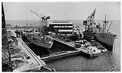 The shipyard was opened on 21 September 1918 with the launch of the first ship, the steamer Torild, built by Rederi AB Percivald in Landskrona. The company expanded quickly and by Autumn 1920 the yard had grown to 15 hectares (37 acres) with a 150-metre (490 ft) long fit-out in 7 metres (23 ft) of water. In 1922, the shipyard could build eleven new vessels of 50,000 tonnes (49,000 long tons; 55,000 short tons), but it was declared bankrupt due to poor economic conditions. New Oresund Shipbuilding Company (Swedish: Nya Varvsaktiebolaget Öresund) was formed in April 1923 which could build seven vessels of 26,000 tonnes (26,000 long tons; 29,000 short tons) deadweight. In 1935, the company name was changed to Öresundsvarvet AB.[2] A floating dock for vessels up to 5,000 tonnes (4,900 long tons; 5,500 short tons) was purchased from Copenhagen in 1936. The shipyard was taken over in 1940 by Götaverken, who then supplied the shipyard's newbuildings with new machinery. During World War II, the yard built a coastal destroyer and two minesweepers. In all, during the period from 1931 to 1944 the shipyard built fifty ships totalling 220,000 tonnes (220,000 long tons; 240,000 short tons).[3]
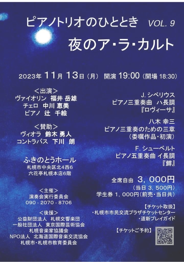 11/13(月)ピアノトリオのひととき VOL.9 夜のア・ラ・カルト
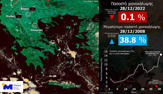 Τα τελευταία 17 χρόνια, στα τέλη Δεκεμβρίου ο μέσος όρος της έκτασης χιονοκάλυψης είναι περίπου 14% της συνολικής χερσαίας έκτασης της χώρας μας, όμως φέτος στις 28/12 το ποσοστό ήταν μόλις 0,1%.

▶ _HOW TO COMPLETE THIS TASK_
Copy each line of the material above exactly, but not the images.

▶ _ANSWER TO THIS PROBLEM_
 The shipyard was opened on 21 September 1918 with the launch of the first ship, the steamer Torild, built by Rederi AB Percivald in Landskrona. The company expanded quickly and by Autumn 1920 the yard had grown to 15 hectares (37 acres) with a 150-metre (490 ft) long fit-out in 7 metres (23 ft) of water. In 1922, the shipyard could build eleven new vessels of 50,000 tonnes (49,000 long tons; 55,000 short tons), but it was declared bankrupt due to poor economic conditions. New Oresund Shipbuilding Company (Swedish: Nya Varvsaktiebolaget Öresund) was formed in April 1923 which could build seven vessels of 26,000 tonnes (26,000 long tons; 29,000 short tons) deadweight. In 1935, the company name was changed to Öresundsvarvet AB.[2] A floating dock for vessels up to 5,000 tonnes (4,900 long tons; 5,500 short tons) was purchased from Copenhagen in 1936. The shipyard was taken over in 1940 by Götaverken, who then supplied the shipyard's newbuildings with new machinery. During World War II, the yard built a coastal destroyer and two minesweepers. In all, during the period from 1931 to 1944 the shipyard built fifty ships totalling 220,000 tonnes (220,000 long tons; 240,000 short tons).[3]
 11/13(月)ピアノトリオのひととき VOL.9 夜のア・ラ・カルト
 Τα τελευταία 17 χρόνια, στα τέλη Δεκεμβρίου ο μέσος όρος της έκτασης χιονοκάλυψης είναι περίπου 14% της συνολικής χερσαίας έκτασης της χώρας μας, όμως φέτος στις 28/12 το ποσοστό ήταν μόλις 0,1%.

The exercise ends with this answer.